- **Instructions for the task**
With the pictures left out, write out exactly the lines of the listing below that run from the line with "Вот по эпизоду" through the line with "トイレの壁はさわやかなグリーンの色にしました。".

- **Task material**
--- START ---

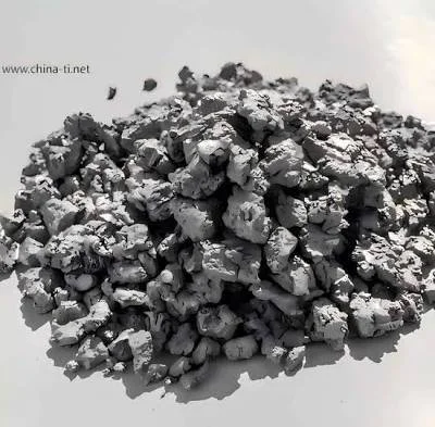 Fragmented titanium ‘sponge’, raw metal before processing into superalloy.
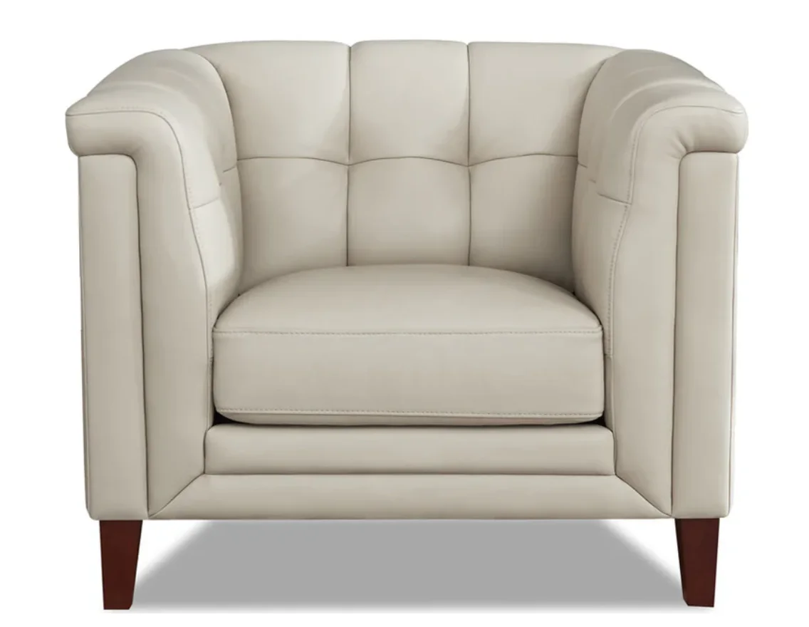 moreEnergize your living room with the vibrant Arvo Leather Collection, a dynamic ensemble full of flair. Designers have masterfully reimagined a classic mid-century modern design, incorporating a gently curved silhouette, splayed wood legs, and blind biscuit tufting. The tufted shelter arms not only soften the overall look but also add a touch of warmth and sophistication, enhancing the lively and stylish appeal of this striking collection.
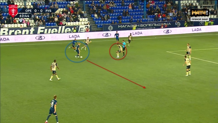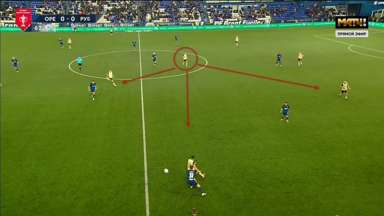 Вот по эпизоду Швец оказался в позиции опорного полузащитника, где ему и предстоит играть, скорее всего. Он выбрал хорошее расположение, если бы мяч оказался у Антона, то у него бы открывалось сразу три продолжения атаки: он мог бы отдать на ход Александеру Юкичу, перевести его на Руслана Безрукова или вернуть защитникам, например Константину Нижегородову. На все это игрок способен, поскольку пас у него никуда не делся.
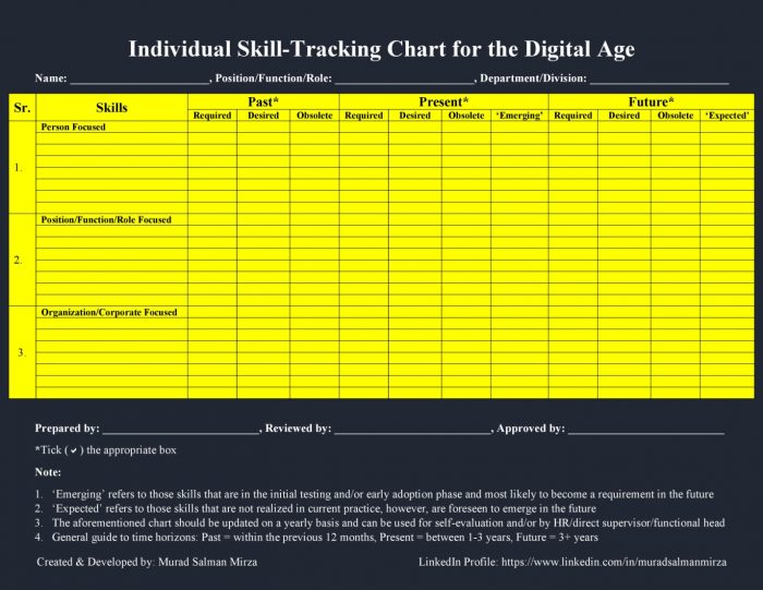 The key for astute professionals is to never starve a positive mindset with its ability to envision novel ways of adjusting to the dynamic demands of the digital world by failing to engage in an honest self-assessment of professional prowess while successfully addressing the ‘narrow’ compulsions of working in a particular organization. In this context, the following individual skill-tracking chart is being presented as a proactive tool to ensure that ‘irrelevancy’ never becomes a recurring nightmare for professionals seeking congruence to the new corporate norms:
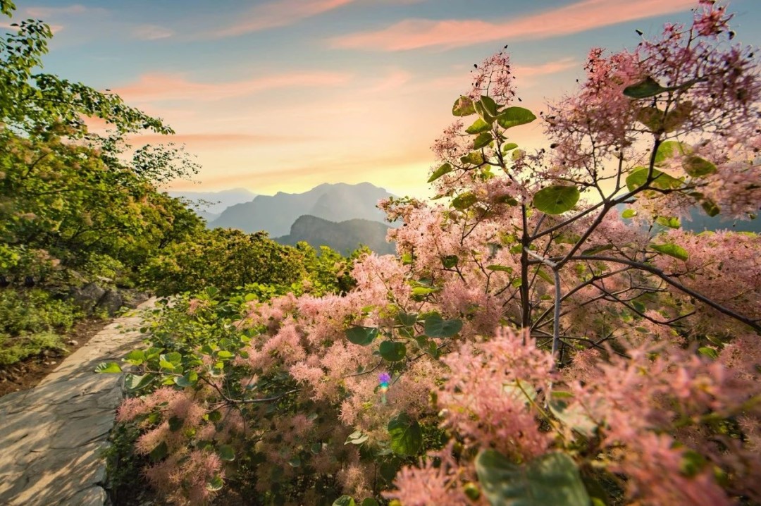 The 8th Youlan Mountain Smoke Tree Flower Festival will take place at Pofengling from May 1 to June 2. During the event, visitors wearing standard Hanfu (including shoes and headwear) can enjoy free admission.
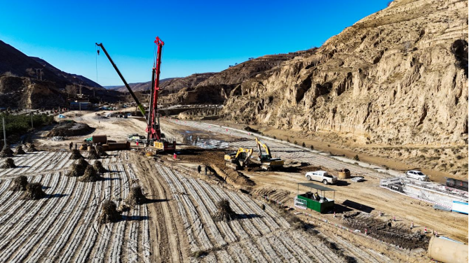 在洪德镇龚家堡子大桥项目施工现场,冲击钻发出轰鸣声,钻头在冲击力的推动下,深深扎入土层,每一次冲击都激起一阵泥浆飞溅。各岗位施工人员分工协作进行路基清表、钢筋笼绑扎、桩基施工等工序。据甘肃恒通路桥工程有限公司华二项目部工区长杨福茂介绍,该标段桥梁4-2桩基桩长17米,桩径1.4米,共涉及432根,截至目前已完成桩基施工70根,便道累计施工完成24公里。“项目部安全、质量、环保等各项措施均已到位,预计今年6月完成所有桩基施工任务,为保证华二项目全线通车打下坚实基础。”杨福茂说。
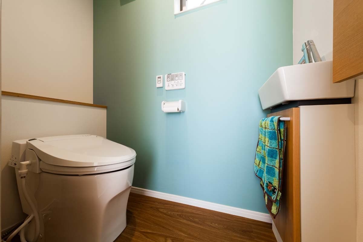 トイレの壁はさわやかなグリーンの色にしました。
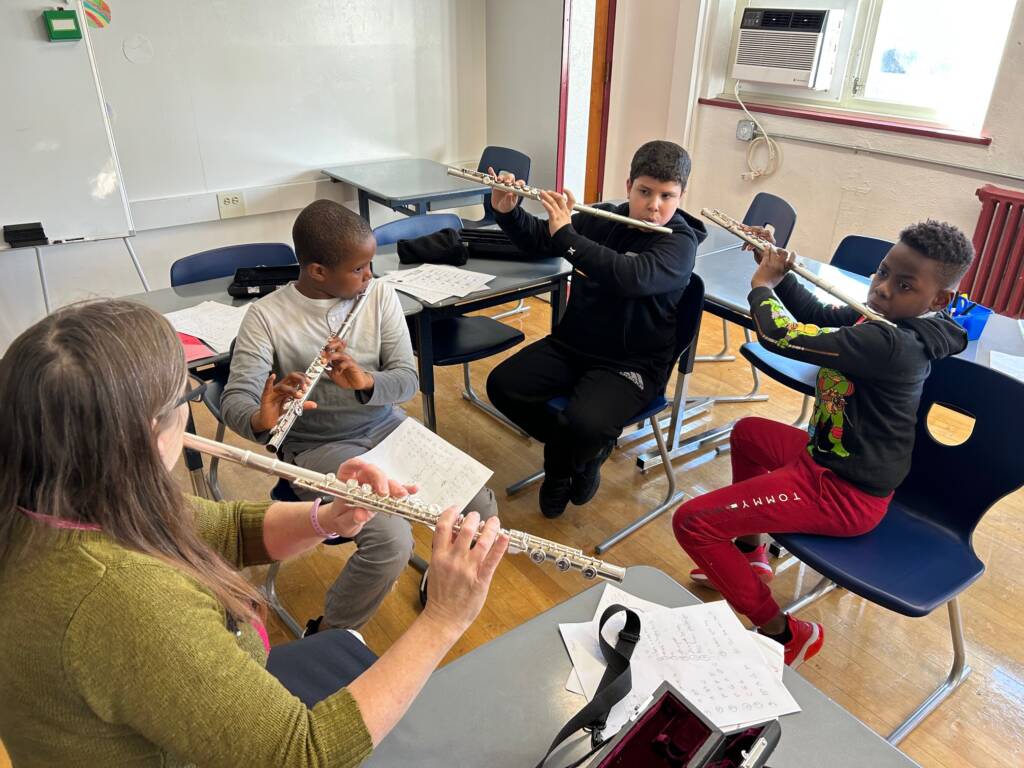 Making Music Matters is a collaborative school-based and grant-funded partnership in four Boston Public Schools in West Roxbury and Roslindale: Kilmer, Mozart, Ohrenberger, and Philbrick. Students receive instrumental group lessons in clarinet, flute, trumpet, and violin during the regular school day. While many other music programs happen after or before school, we do our lessons during the day so that families don’t have to worry about altering their schedules, finding transportation, and finding the pathway for their kids to receive quality education.
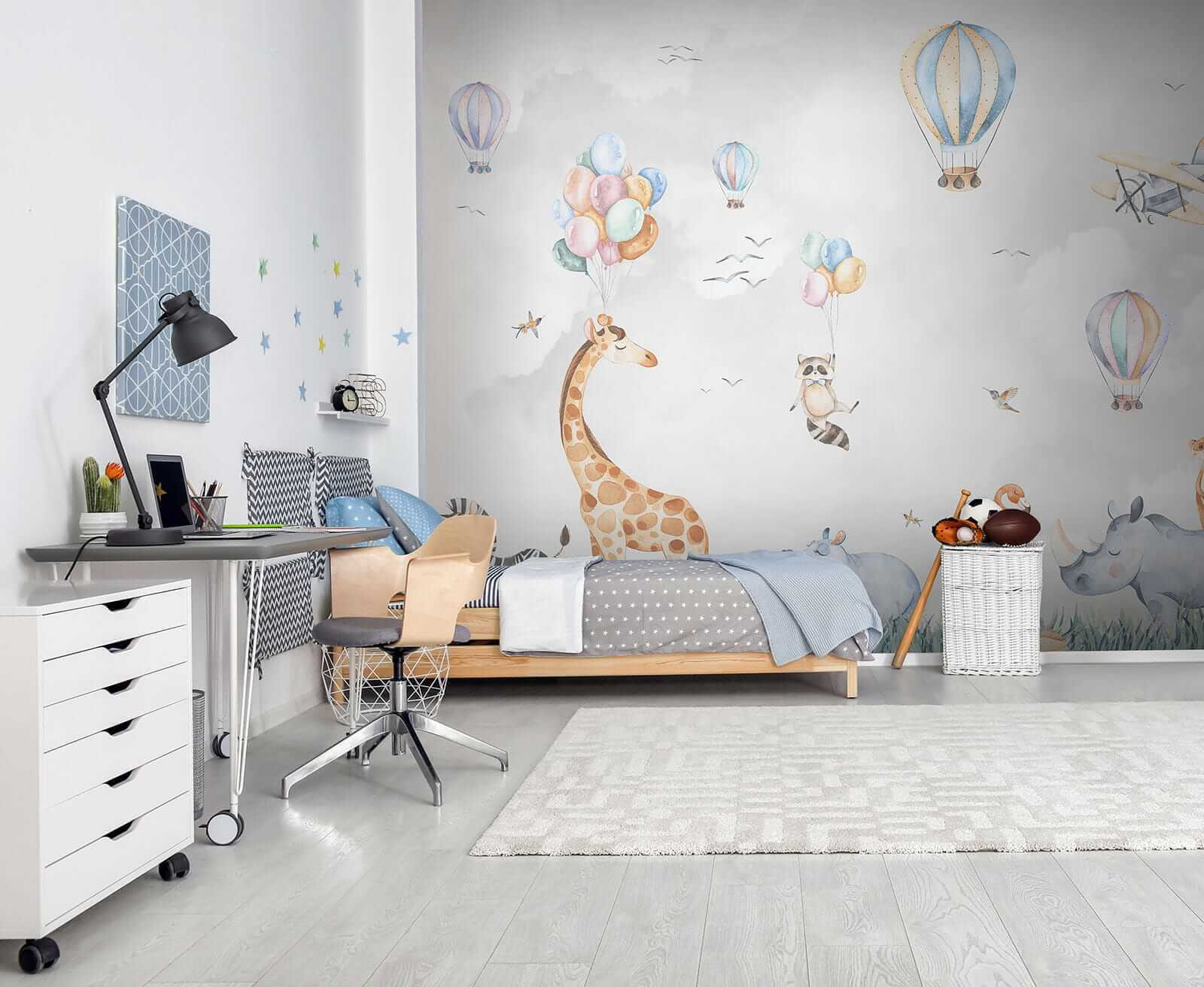Tady je trocha rozmarů pro prostor vašeho dítěte! Nástěnná malba “Hroch v trávě” je naprosto okouzlující. Představte si, že vejdete do pokoje a budete si připadat jako na kouzelném safari – vznášející se horkovzdušné balóny, zvířata jako žirafy a zebry, která se jen tak chladí na vysokých travnatých polích. Dokonce i drzý mýval držící balónky! Tato nástěnná malba přináší živou, hravou atmosféru, kterou děti – i dospělí – zbožňují. Skvěle se hodí do dětského pokoje, kde podněcuje fantazii a dobrodružství. Představte si, že příběhy před spaním mají zcela nové kulisy a každý večer se stane mini dobrodružstvím. A kdo by nechtěl mít v pokoji veselého hrocha? Určitě se s ním dá začít mluvit. Připravte se na óóó a ááá od malých (i velkých!) dětí. Není to jen dekorace, je to radost stříkající na zeď.
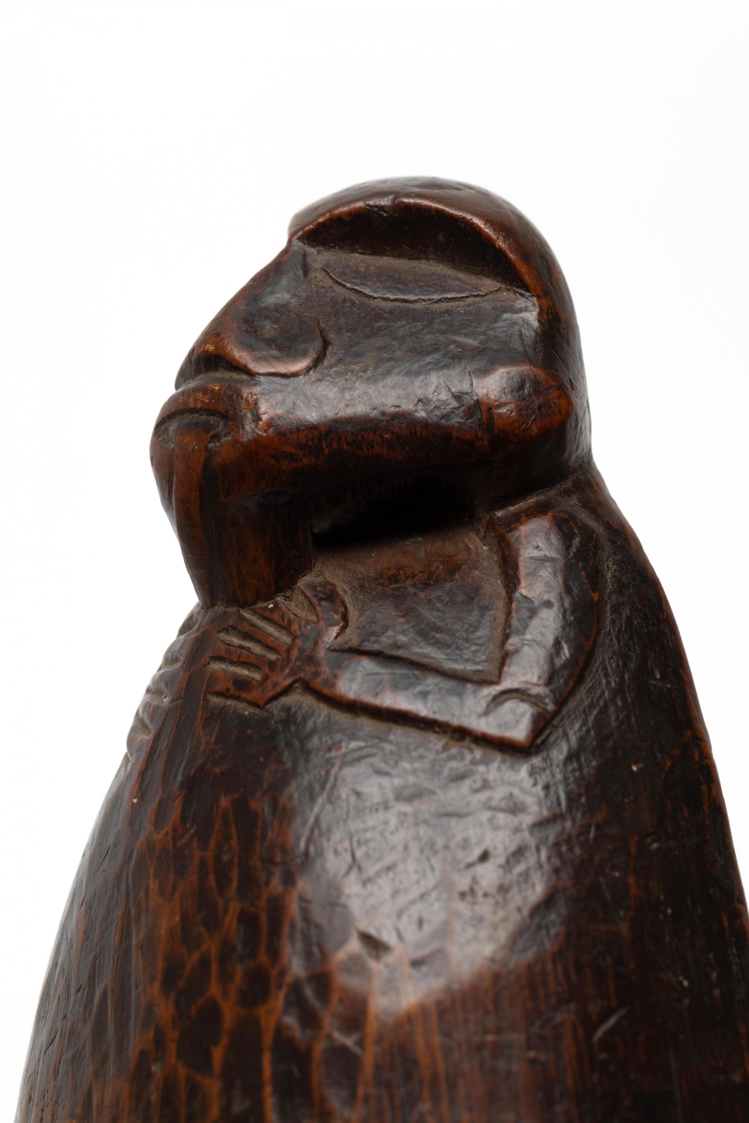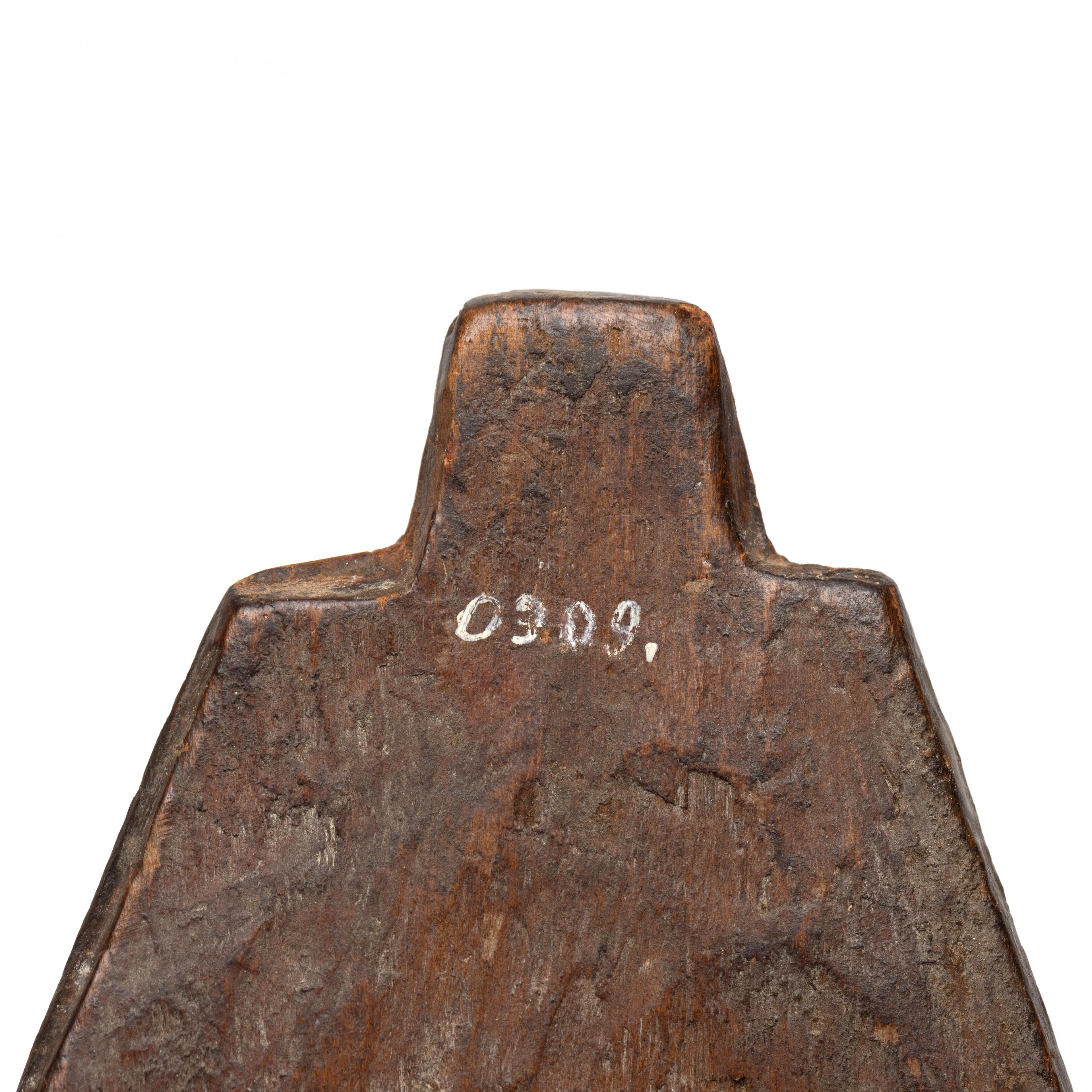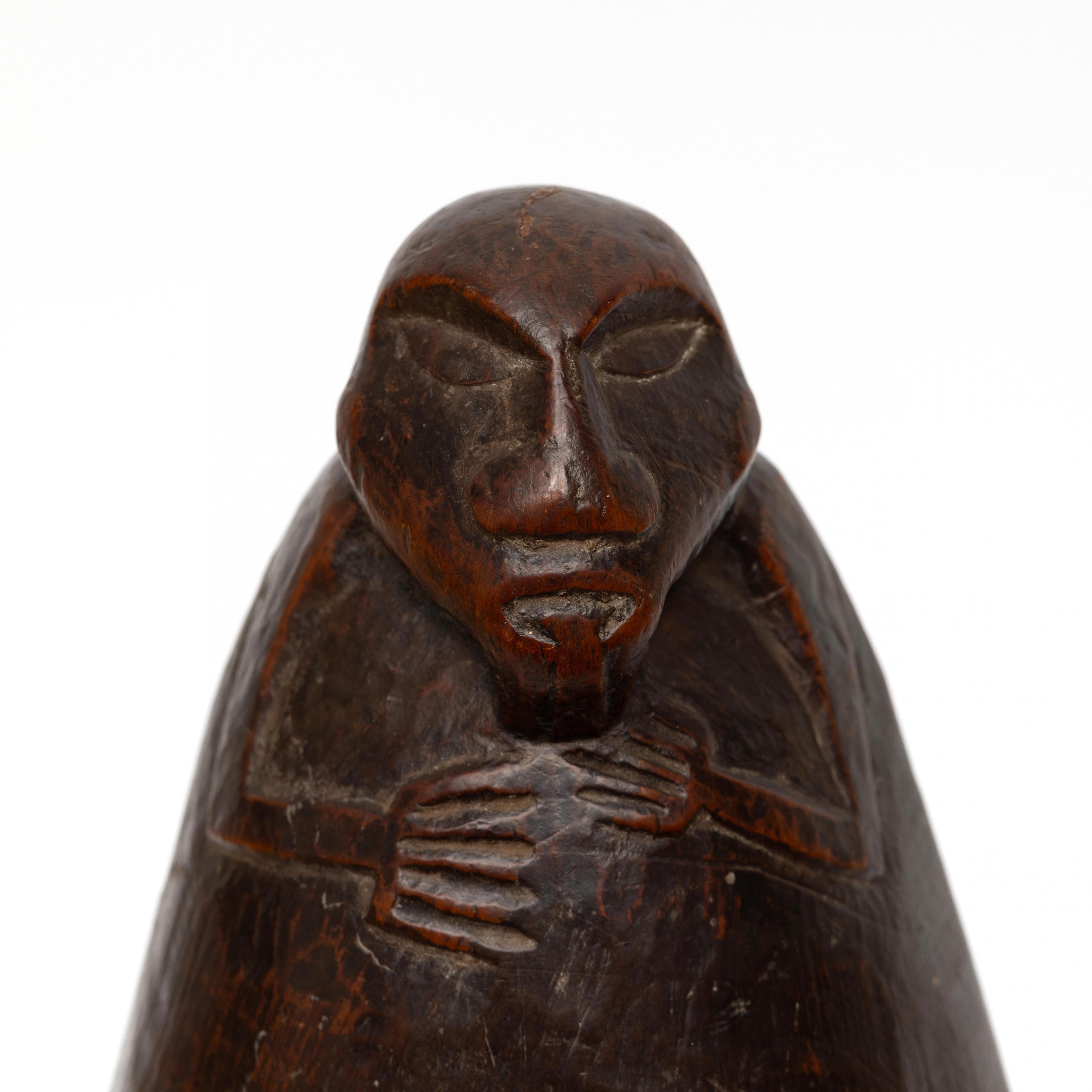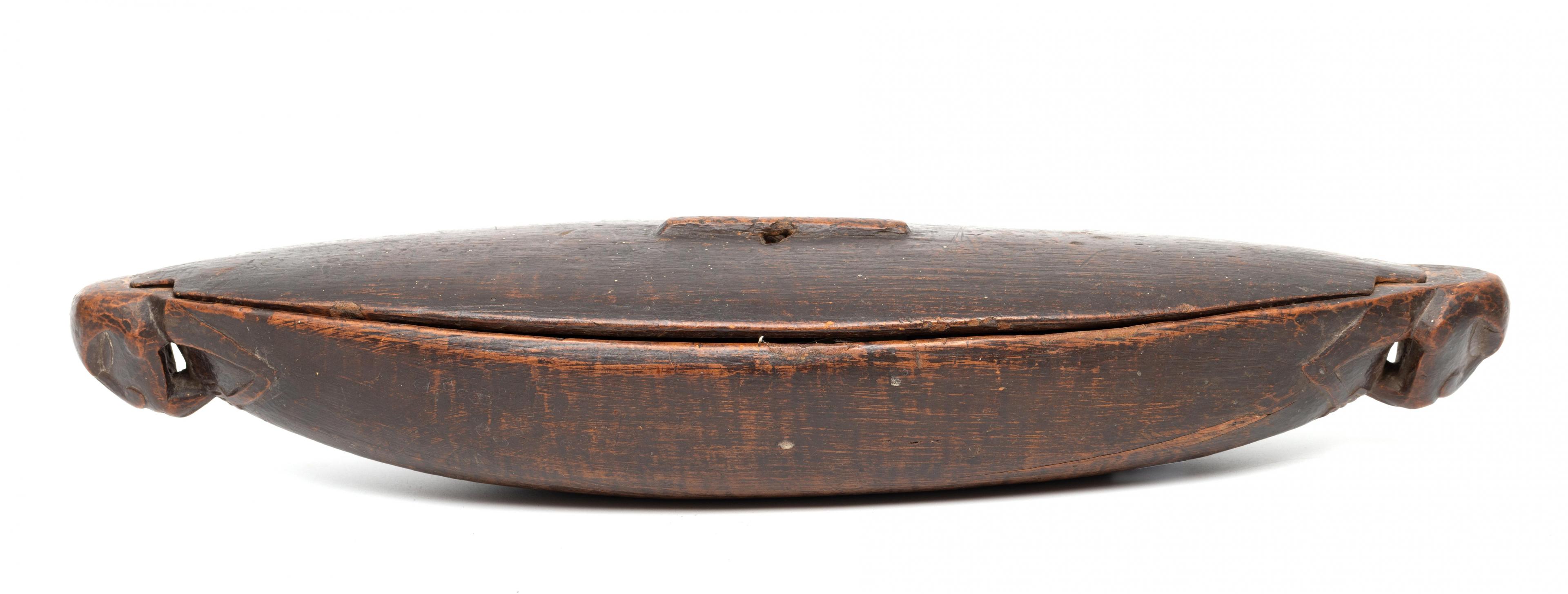 of elongated oval shape with an anthropomorphic head with jutting tongue at both ends, old patina; the reverse of the lid has an old inventory number in white ink 0909

--- END ---

- **Solution for this exercise**
 Вот по эпизоду Швец оказался в позиции опорного полузащитника, где ему и предстоит играть, скорее всего. Он выбрал хорошее расположение, если бы мяч оказался у Антона, то у него бы открывалось сразу три продолжения атаки: он мог бы отдать на ход Александеру Юкичу, перевести его на Руслана Безрукова или вернуть защитникам, например Константину Нижегородову. На все это игрок способен, поскольку пас у него никуда не делся.
 The key for astute professionals is to never starve a positive mindset with its ability to envision novel ways of adjusting to the dynamic demands of the digital world by failing to engage in an honest self-assessment of professional prowess while successfully addressing the ‘narrow’ compulsions of working in a particular organization. In this context, the following individual skill-tracking chart is being presented as a proactive tool to ensure that ‘irrelevancy’ never becomes a recurring nightmare for professionals seeking congruence to the new corporate norms:
 The 8th Youlan Mountain Smoke Tree Flower Festival will take place at Pofengling from May 1 to June 2. During the event, visitors wearing standard Hanfu (including shoes and headwear) can enjoy free admission.
 在洪德镇龚家堡子大桥项目施工现场,冲击钻发出轰鸣声,钻头在冲击力的推动下,深深扎入土层,每一次冲击都激起一阵泥浆飞溅。各岗位施工人员分工协作进行路基清表、钢筋笼绑扎、桩基施工等工序。据甘肃恒通路桥工程有限公司华二项目部工区长杨福茂介绍,该标段桥梁4-2桩基桩长17米,桩径1.4米,共涉及432根,截至目前已完成桩基施工70根,便道累计施工完成24公里。“项目部安全、质量、环保等各项措施均已到位,预计今年6月完成所有桩基施工任务,为保证华二项目全线通车打下坚实基础。”杨福茂说。
 トイレの壁はさわやかなグリーンの色にしました。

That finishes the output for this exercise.